Барыга или мужик могли шугануть одного или двоих, даже троих ребят, но справиться с сотней воющих, кусающих, способных на все и ничего не страшащихся подростков было практически невозможно.
Любая банда, любая организованная шайка орудовала в определенных условиях, у нее было развито чувство самосохранения, которое начисто отсутствовало у беспризорных.
Они, как нынешние тараканы, как муравьи, как моль, были неизводимы, и, наверное, они сами догадывались об этом.
Когда в детдоме появлялся воющий шакал, да еще в крови, с воплем, с истерикой, с криками, что «на Перовском наших бьют!», мы срывались с места, бросая все, и летели на помощь. Летели, никого не остерегаясь, наоборот, жаждая мести, крови, счастья потасовки, драки, поножовщины, чтобы излить из себя все черное, все гибельное, что накапливалось в крови годами.
Что за побоища это были!
Люди, отчаянная рыночная толпа, монолитная, с которой не совладать было милиции и законам, вдруг сама собой распадалась и начинала жаться к спасительным заборам.

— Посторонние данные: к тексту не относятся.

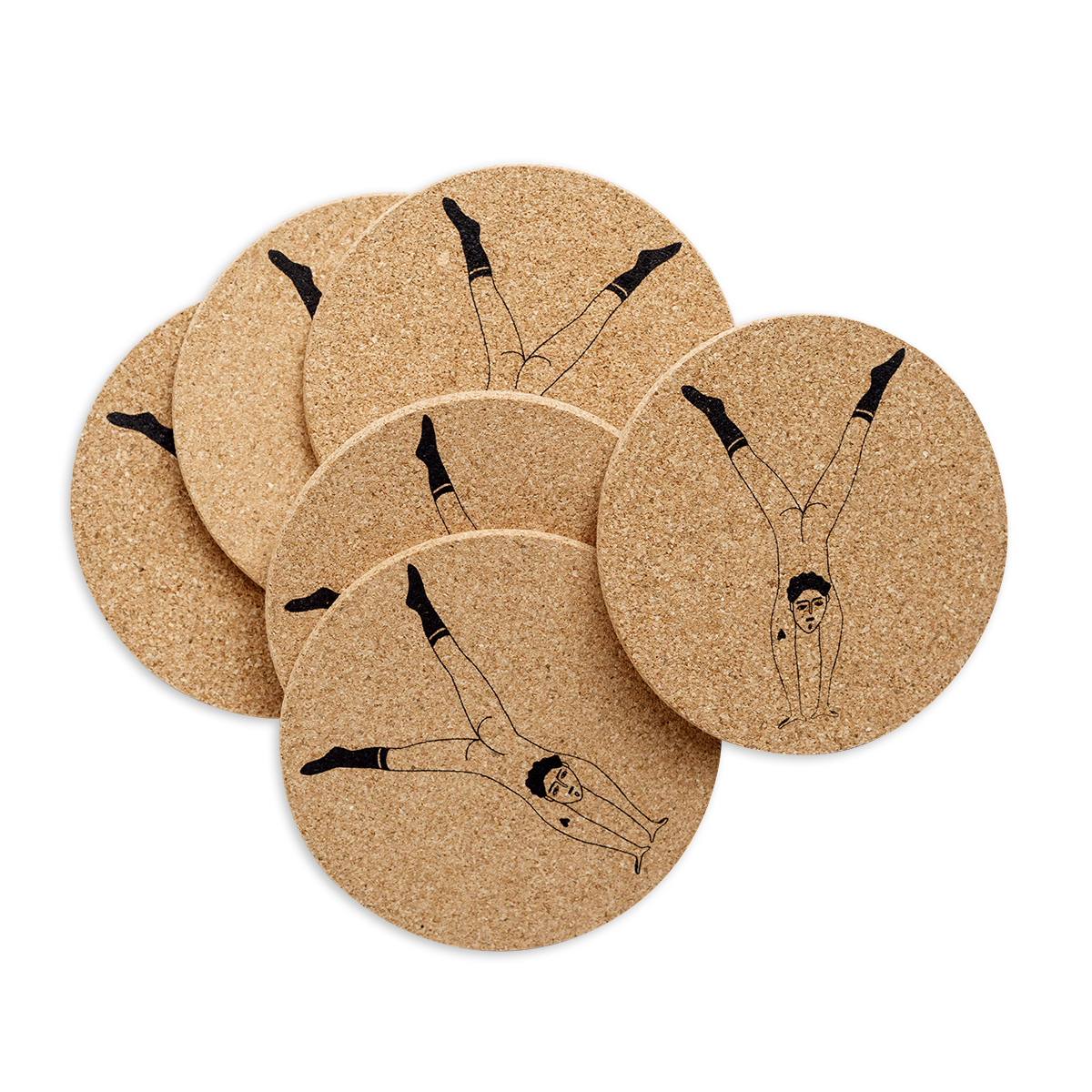 Set van 6 ronde onderzetters in kurk met illustratie van helen b
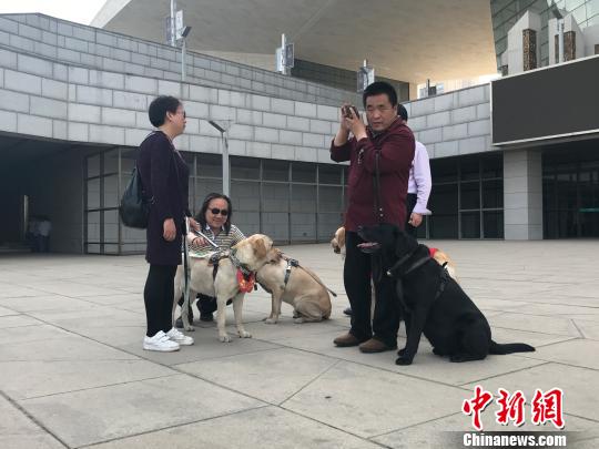 4位盲人在各自導(dǎo)盲犬的帶領(lǐng)下進(jìn)入公共場(chǎng)所!铎o 攝
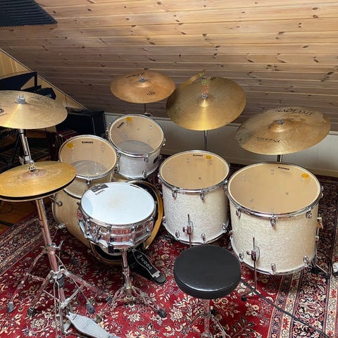 Selger et Ludwig Classic Maple trommesett i White Marine Pearl-finish, kjent for varm, åpen og svært musikalsk tone. Settet er i flott stand, pent behandlet og lite slitasje.
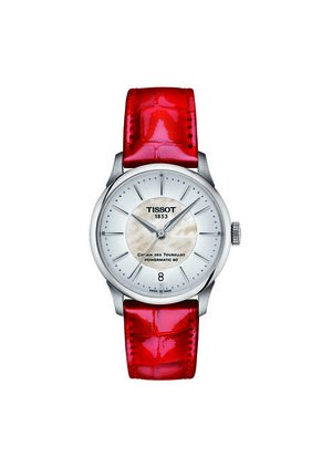 - • Marca: Reloj• Modelo: T139.207.16.111.00• Colección: Chemin des tourelles• Genero: Mujer• Color de la caja: plateado• Color del pulso: rojo• Material del Pulso: cuero• Cristal: zafiro• Diametro de Caja: 34mm• Material de Caja: Acero Inoxidable• Espesor de Caja: 10.5mm• Movimiento: Automático• 5 bares (50 metros)• Tipo de Cierre: mariposa• Garantía: 24 MESES SOBRE MAQUINARIA UNICAMENTE.NO CUBRE: *Uso inadecuado por parte del comprador, Golpes y/o mala manipulación del producto. *No aplica para daños, deterioro o cambio de pulso.*No aplica para coronas y/o cristales.
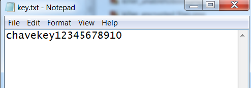Figure 2: Key.txt with contents that read "chavekey12345678910"
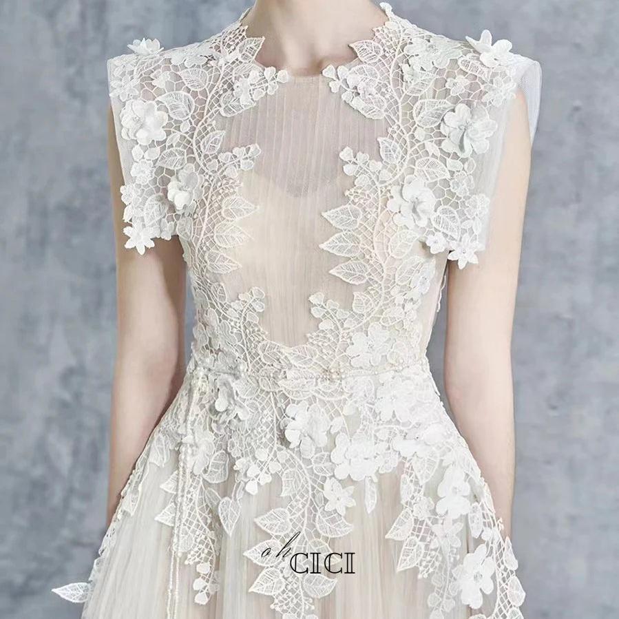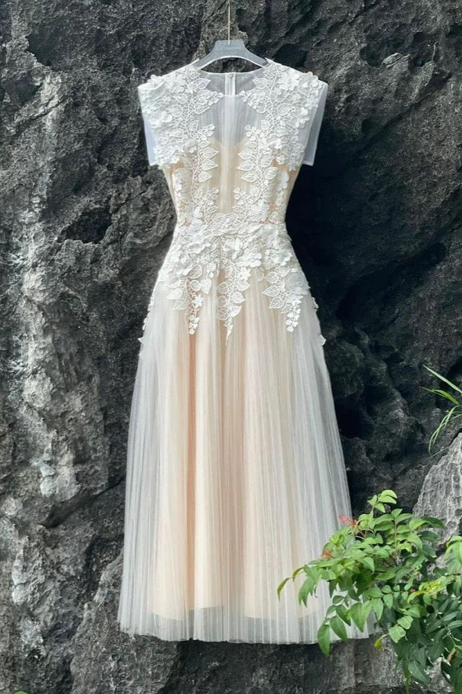 This beige midi dress features a sleeveless design with a delicate floral appliqué bodice, combining elegance and subtle texture. Its tailored fit enhances silhouette definition, making it ideal for formal occasions or sophisticated daytime events. The neutral tone ensures versatile styling options, while the intricate detailing adds a refined, expert touch to your wardrobe.
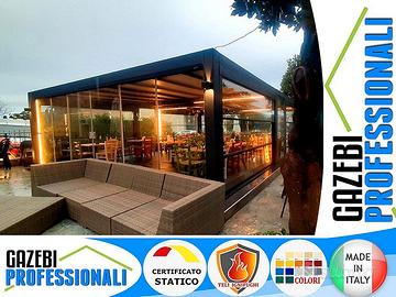 Possibile inserire dei teli laterali fissi o scorrevoli con o senza finestre.
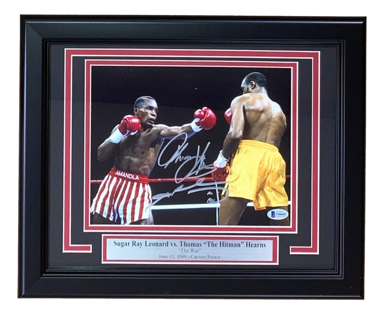 Featured is a Sugar Ray Leonard and Thomas Hearns signed 8x10 boxing photo. This photo was hand signed by Sugar Ray Leonard and Thomas Hearns and has been authenticated by Beckett authentication services. Included with the photo is a Beckett hologram and certificate of authenticity. This photo has been professionally framed and matted and is approximately 11x14. This item would make a great addition to any sports memorabilia collection!.
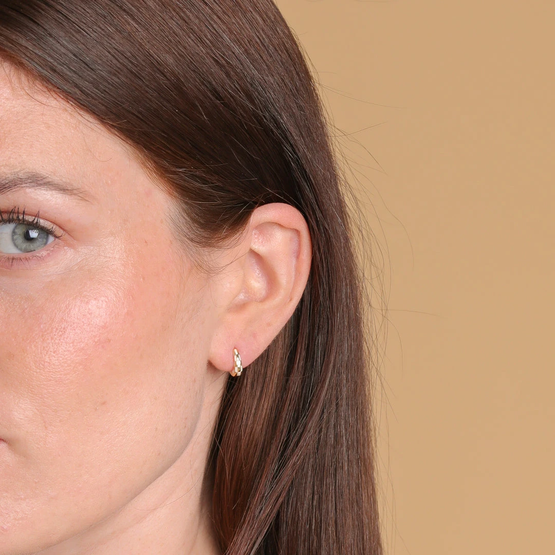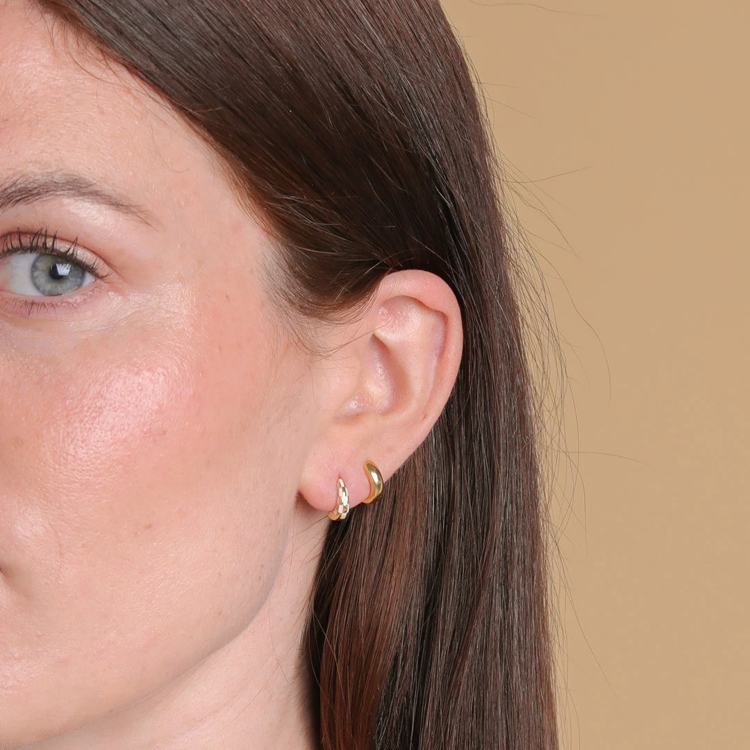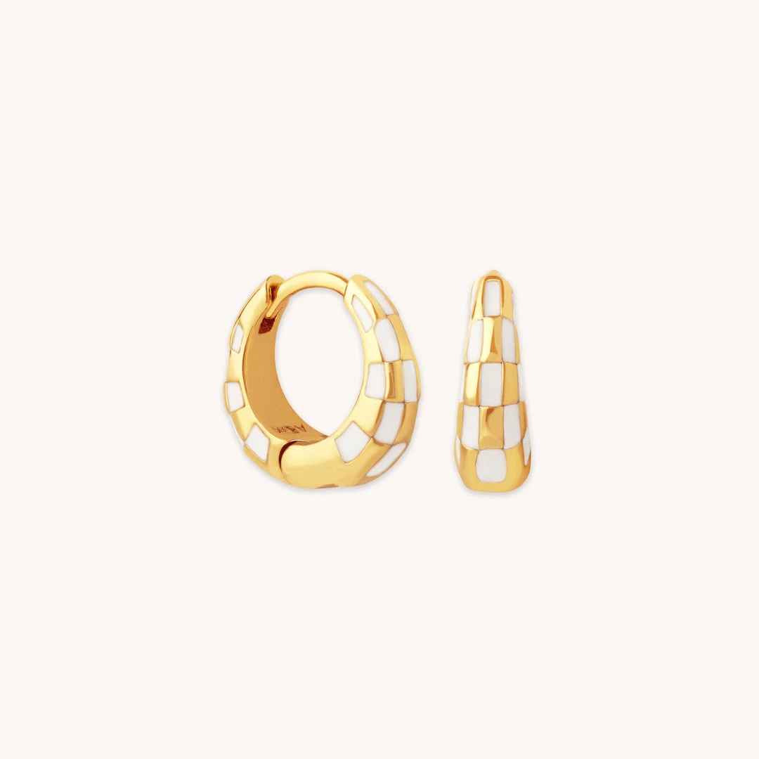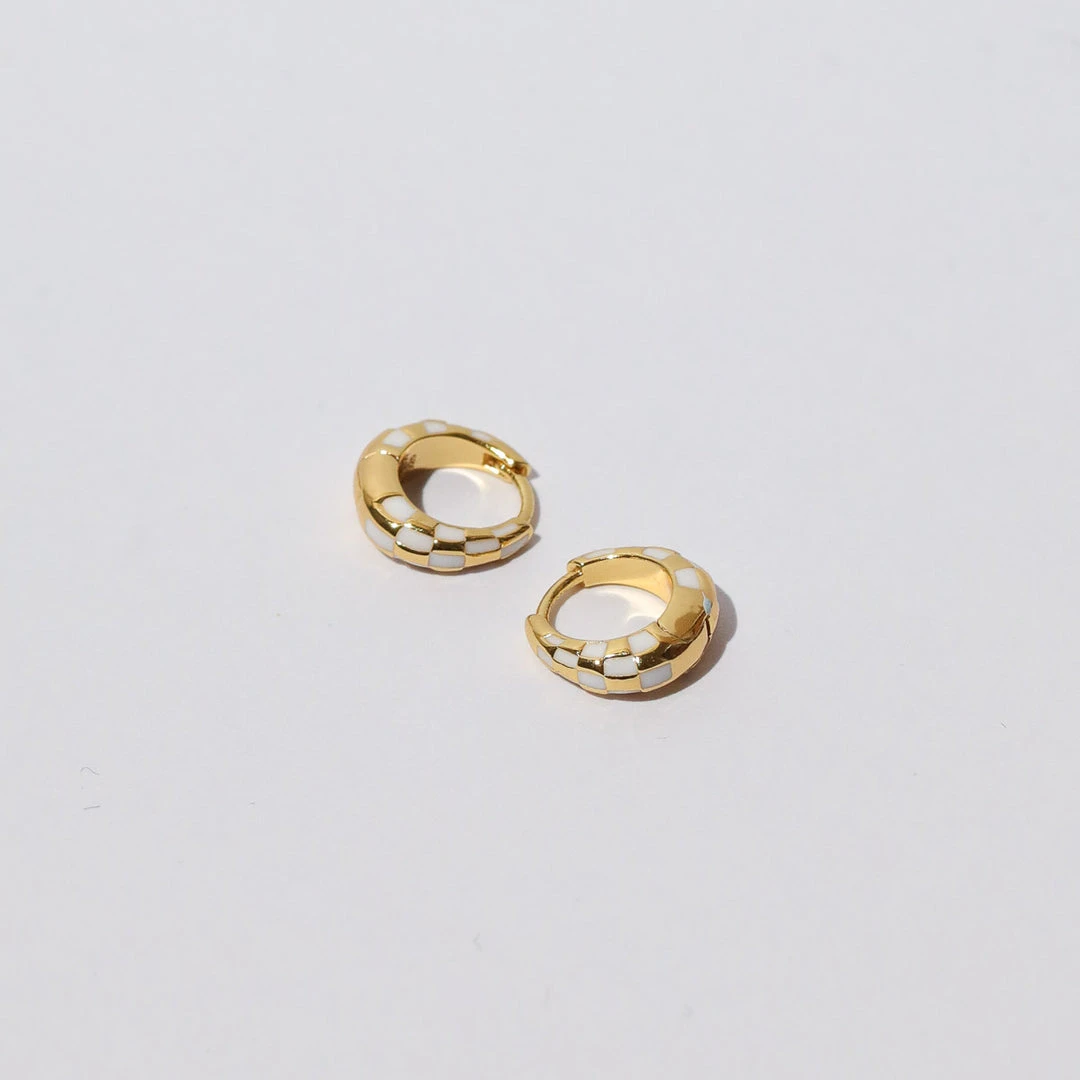 New huggies? Check. The Checkerboard Huggies in Gold are the fun statement your ear stack needs for summer. In our best-selling huggie hoop size, these feature a 70s-inspired checkerboard design to elevate your collection. Wear with the Checkerboard Pendant Hoops to coordinate the look.Â

И боевые фронтовики-солдаты, и дошлые инвалиды, и разбойные деревенские парни, и алкоголики, да все, все начинали сматывать свой товар и искать способы для безопасного отступления.
Так уходят люди при нашествии саранчи или крыс. Ибо тут вступают в действие иные законы, против которых остальное бессильно.
Я это знаю потому, что участвовал в таких драках.
И я утверждаю: всякий мордобой, бандитские налеты, сшибка спекулянтов, даже столкновение матросни, хотя последние дрались ремнями особенно отчаянно, не могли идти ни в какое сравнение с дракой малолетних. Любая драка имеет свою причину, да и свою логику. Тут же не было никакой логики, никаких соображений, а одни лишь голые инстинкты.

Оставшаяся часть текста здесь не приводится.